• [DATASET EXTRACT]
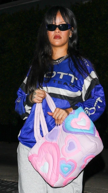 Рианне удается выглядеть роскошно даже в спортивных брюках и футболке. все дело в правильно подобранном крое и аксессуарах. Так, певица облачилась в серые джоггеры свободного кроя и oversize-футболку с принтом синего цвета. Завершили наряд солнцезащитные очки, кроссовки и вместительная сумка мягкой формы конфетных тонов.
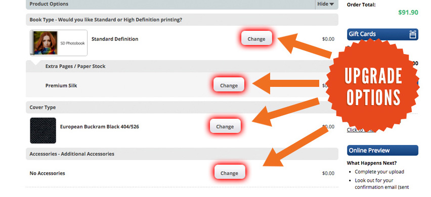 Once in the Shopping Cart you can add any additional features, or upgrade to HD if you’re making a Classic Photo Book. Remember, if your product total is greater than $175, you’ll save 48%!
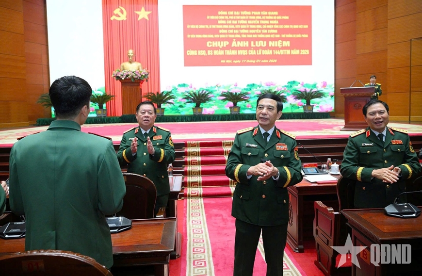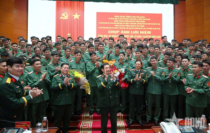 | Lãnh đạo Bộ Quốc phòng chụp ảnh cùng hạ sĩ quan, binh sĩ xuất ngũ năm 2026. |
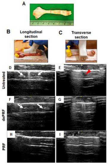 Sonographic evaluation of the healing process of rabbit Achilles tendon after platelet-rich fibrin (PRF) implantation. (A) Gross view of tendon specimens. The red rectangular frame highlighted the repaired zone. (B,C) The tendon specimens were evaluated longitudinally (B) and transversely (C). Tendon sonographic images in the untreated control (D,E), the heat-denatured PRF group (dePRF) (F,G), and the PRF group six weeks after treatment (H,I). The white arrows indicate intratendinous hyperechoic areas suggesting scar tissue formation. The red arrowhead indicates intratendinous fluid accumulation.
* * *
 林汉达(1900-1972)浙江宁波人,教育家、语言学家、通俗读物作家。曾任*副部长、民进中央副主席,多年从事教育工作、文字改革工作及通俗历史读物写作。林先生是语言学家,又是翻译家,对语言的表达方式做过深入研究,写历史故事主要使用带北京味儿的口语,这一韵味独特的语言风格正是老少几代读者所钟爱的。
* * *
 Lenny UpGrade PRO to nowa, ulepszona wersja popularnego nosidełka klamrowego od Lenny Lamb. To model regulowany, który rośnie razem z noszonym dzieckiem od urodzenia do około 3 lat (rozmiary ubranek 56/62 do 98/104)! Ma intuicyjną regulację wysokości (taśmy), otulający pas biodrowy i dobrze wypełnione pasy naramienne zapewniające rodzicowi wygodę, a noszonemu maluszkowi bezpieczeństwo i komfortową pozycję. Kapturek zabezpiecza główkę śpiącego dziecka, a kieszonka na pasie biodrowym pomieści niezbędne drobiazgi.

• [EXERCISE] Transcribe, from the material above, the stretch starting at the line with "Once in the" and ending at the line with "Sonographic evaluation of", both included, exactly. Do not carry over pictures.

• [ANSWER BOX]
 Once in the Shopping Cart you can add any additional features, or upgrade to HD if you’re making a Classic Photo Book. Remember, if your product total is greater than $175, you’ll save 48%!
 | Lãnh đạo Bộ Quốc phòng chụp ảnh cùng hạ sĩ quan, binh sĩ xuất ngũ năm 2026. |
 Sonographic evaluation of the healing process of rabbit Achilles tendon after platelet-rich fibrin (PRF) implantation. (A) Gross view of tendon specimens. The red rectangular frame highlighted the repaired zone. (B,C) The tendon specimens were evaluated longitudinally (B) and transversely (C). Tendon sonographic images in the untreated control (D,E), the heat-denatured PRF group (dePRF) (F,G), and the PRF group six weeks after treatment (H,I). The white arrows indicate intratendinous hyperechoic areas suggesting scar tissue formation. The red arrowhead indicates intratendinous fluid accumulation.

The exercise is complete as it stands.